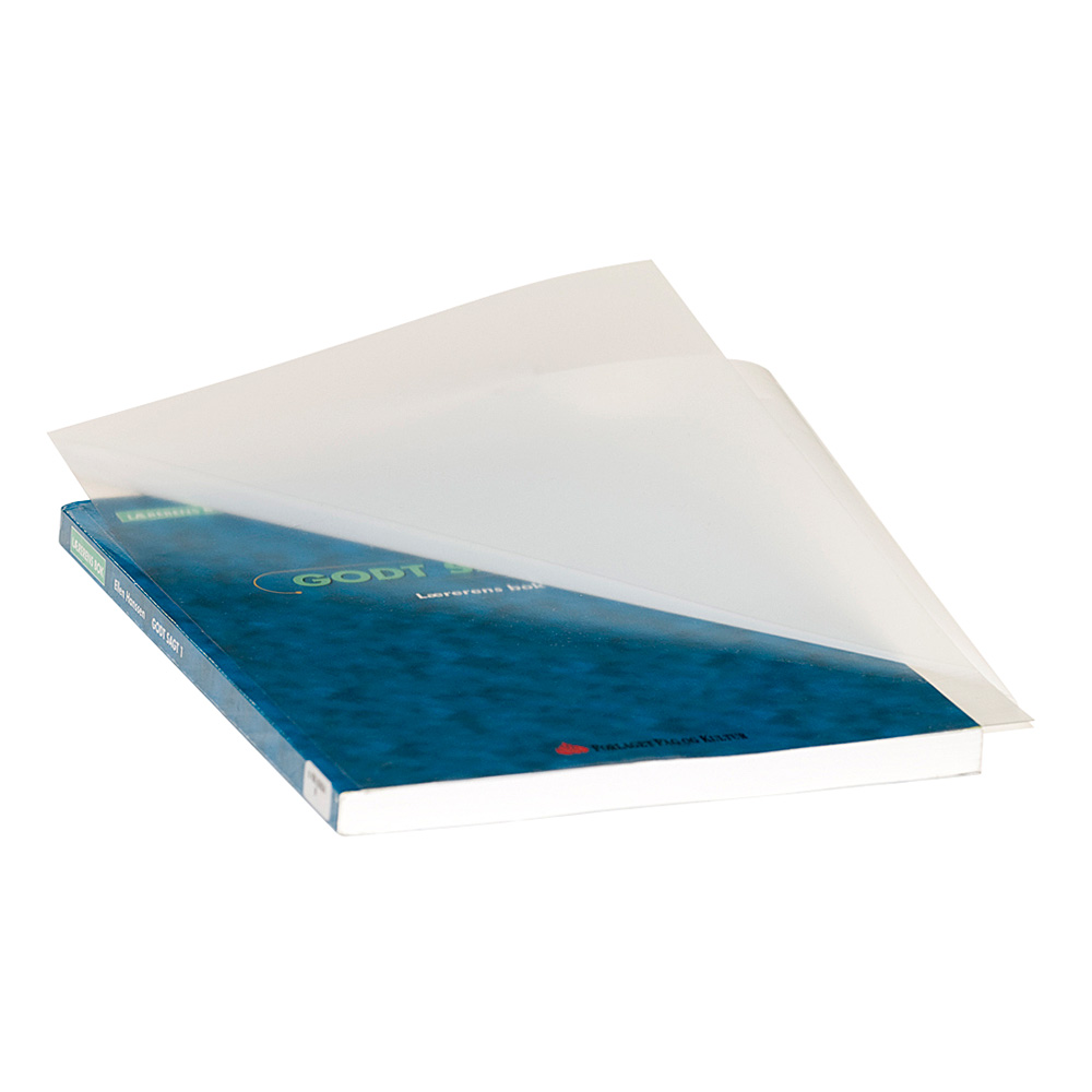 Märkbart styvare och tjockare plastfilm än normal bokplast.
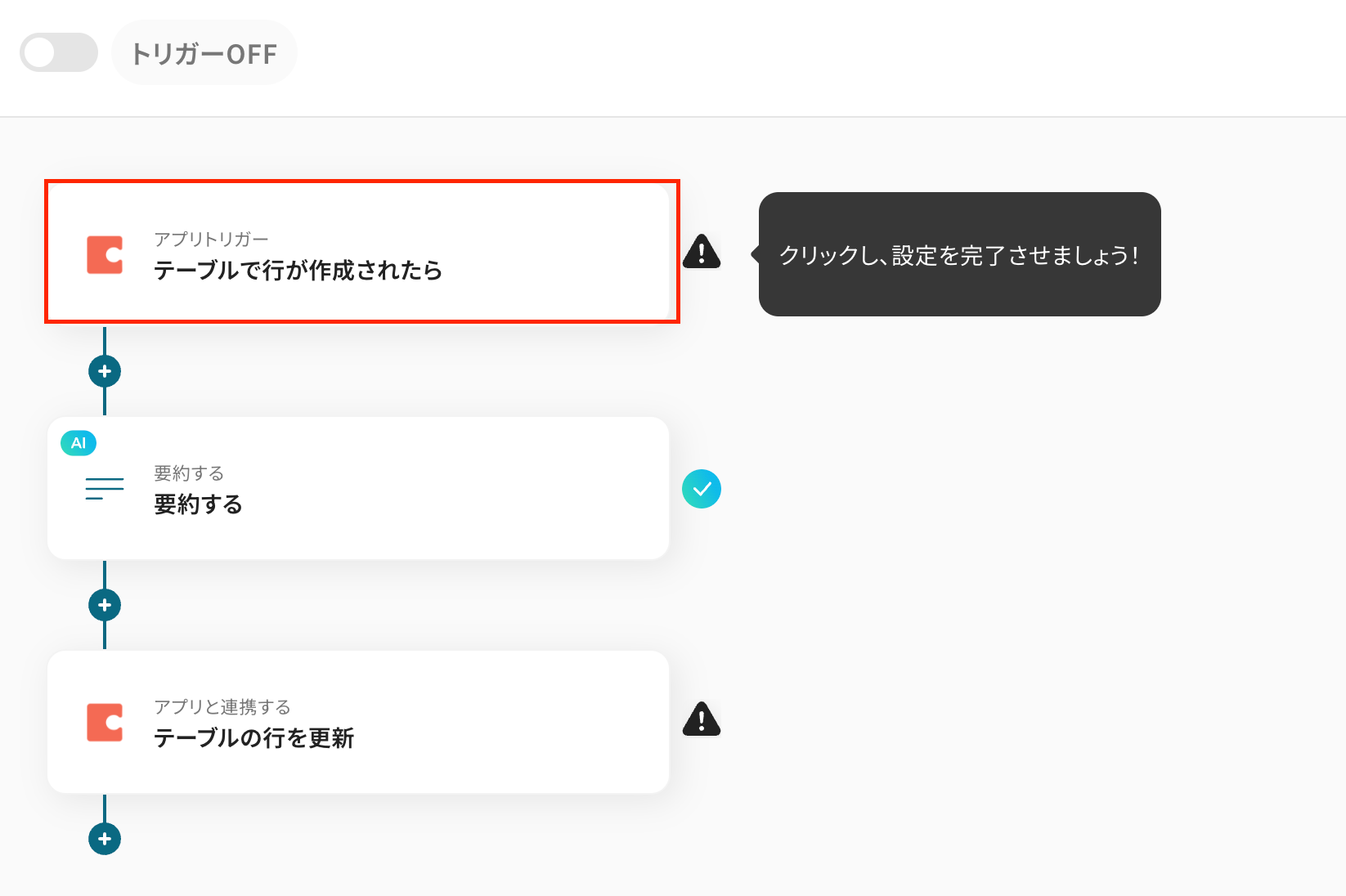 今回は「Codaにテキスト情報が追加されたら、AIで要約してレコードを更新する」フローを作成していきます!
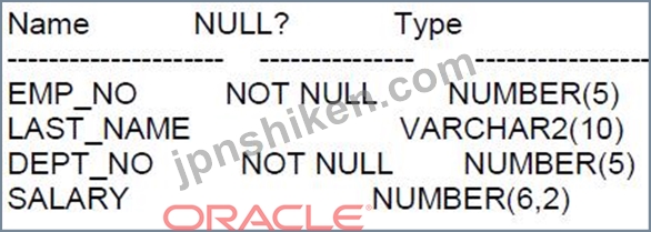 質問102 EMPテーブルの次の説明を調べます。 (Exhibit) 次のクエリを実行...

* * *

Try it -
Reprint the listing above exactly, without images.

Reply -
 Märkbart styvare och tjockare plastfilm än normal bokplast.
 今回は「Codaにテキスト情報が追加されたら、AIで要約してレコードを更新する」フローを作成していきます!
 質問102 EMPテーブルの次の説明を調べます。 (Exhibit) 次のクエリを実行...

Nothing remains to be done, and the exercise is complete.